The Regge-Gribov model with odderons

TL;DR

This paper develops a Regge-Gribov model incorporating odderons, analyzing phase transitions and fixed points through numerical and renormalization group methods, revealing non-physical phases and asymptotic scattering behaviors.

Contribution

It introduces a novel Regge-Gribov model with odderons, studying its fixed points and phase transitions using advanced numerical and renormalization techniques.

Findings

No phase transition occurs in the zero transverse dimension model.

Five real fixed points with non-trivial branch points are identified.

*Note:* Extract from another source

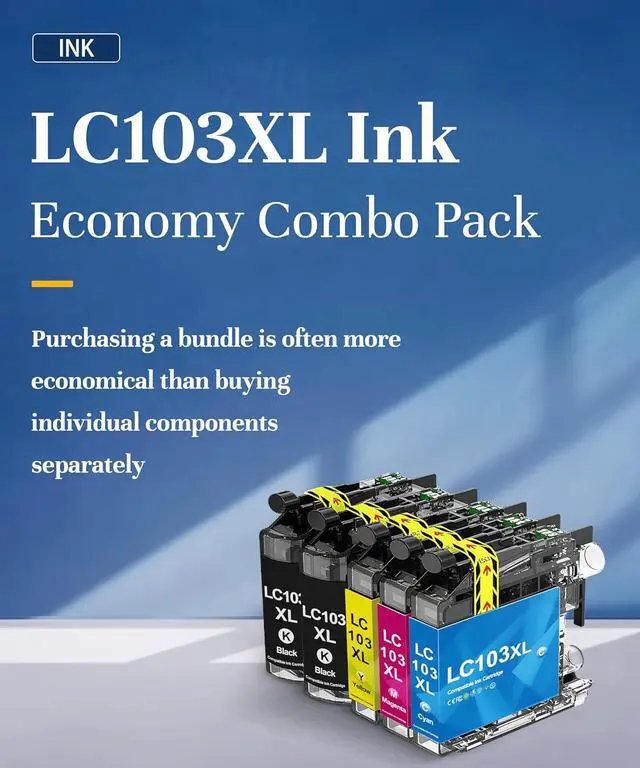Package Contents: 2 x LC103BK LC103 Ink Cartridges Black, 1 x LC103C LC103 Ink Cartridges Cyan, 1 x LC103M LC103 Ink Cartridges Magenta, 1 x LC103Y LC103 Ink Cartridges Yellow ( 2x Black, 1x Cyan, 1x Magenta, 1x Yellow LC103XL)

Asymptotic behaviors of Green functions and scattering amplitudes are characterized.

Abstract

The Regge-Gribov model describing interacting pomerons and odderons is proposed with triple reggeon vertices taking into account the negative signature of the odderon. Its simplified version with zero transverse dimensions is first considered. No phase transition occurs in this case at the intercept crossing unity. This simplified model is studied without more approximations by numerical techniques. The physically relevant model in the two-dimensional transverse space is then studied by the renormalization group method in the single loop approximation. The pomeron and odderon are taken to have different bare intercepts and slopes. The behaviour when the intercepts move from below to their critical values compatible with the Froissart limitation is studied. Five real fixed points are found with singularities in the form of non-trivial branch points indicating a phase transition as the intercepts cross unity. The new phases, however, are not physical, since they violate the projectile-target symmetry. In the vicinity of fixed points the asymptotical behaviour of Green functions and elastic scattering amplitude is found under Glauber approximation for couplings to participants.